Weniger Schritte weiter die Abzweigung zu einer kleinen Brauerei mit einem
Restaurant. Ich vegönne mir einen Illy-Capuccino im Garten und schwelge im
Glück.
Dann bereits das Dorf Klukovice, der Dorfkern so, „wie er schon immer gewesen
ist“, zumindest in unserer romantisierenden Vorstellung. Aus dem dortigen
Restaurant Gelächter und Bravos, eine Hochzeit, wie man mir erklärt. Zwei alte
Damen in einem Hof, das Tor offen, ich darf ein Foto machen. Am Gartenzaun einer
ausnahmsweise ganz modernen Villa etwas oberhalb des Dorfes sehr schöne
Keramik ausgestellt, aussen, einfach so. Diesem Phänomen bin ich in Prag schon
öfter begegnet. Ich werde die Adressen dieser Häuser niemals veröffentlichen, sonst
sind diese schönen Sachen weg.
Die Richtung Barrandov führende Strasse unspektakulär, Villen „gehobenen
Charakters“ mit perfekt gepflegten Gärten, nicht mein Geschmack.

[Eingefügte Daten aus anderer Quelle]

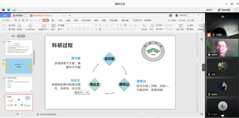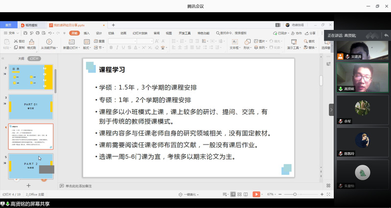 7月19日晚,云顶国际2021年研究生招生线上宣讲会在腾讯会议平台顺利进行。宣讲会由院研究生教学部主任宋建清老师担任主讲,佘军副经理、研究生教学秘书庄小龙老师和2020届毕业研究生代表高贤铭同学全程参加了宣讲活动并提供咨询服务。
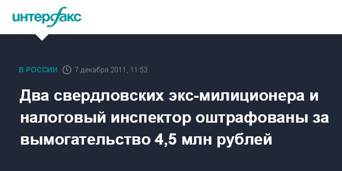 Два свердловских экс-милиционера и налоговый инспектор оштрафованы за вымогательство 4,5 млн рублей

Dann die
Bushaltestelle, allerdings möchte ich wissen, ob der Pfad auf mapy.cz (Viel besser
als Google!) tatsächlich zur Strassenbahn führt, und zweige rechts ab, eine kurze
Strasse, Zäune, und nahezu unsichtbar ein schmaler Durchlass links im Gebüsch,
tatsächlich ein ansteigender Weg, manchmal durch Gestrüpp, dann wieder Wiese,
bis ich das Klingeln einer Strassenbahn höre, weiter oben auch schon den
Stromabnehmer sehe, weiter die Anhöhe hinauf gehe, und mich umdrehe.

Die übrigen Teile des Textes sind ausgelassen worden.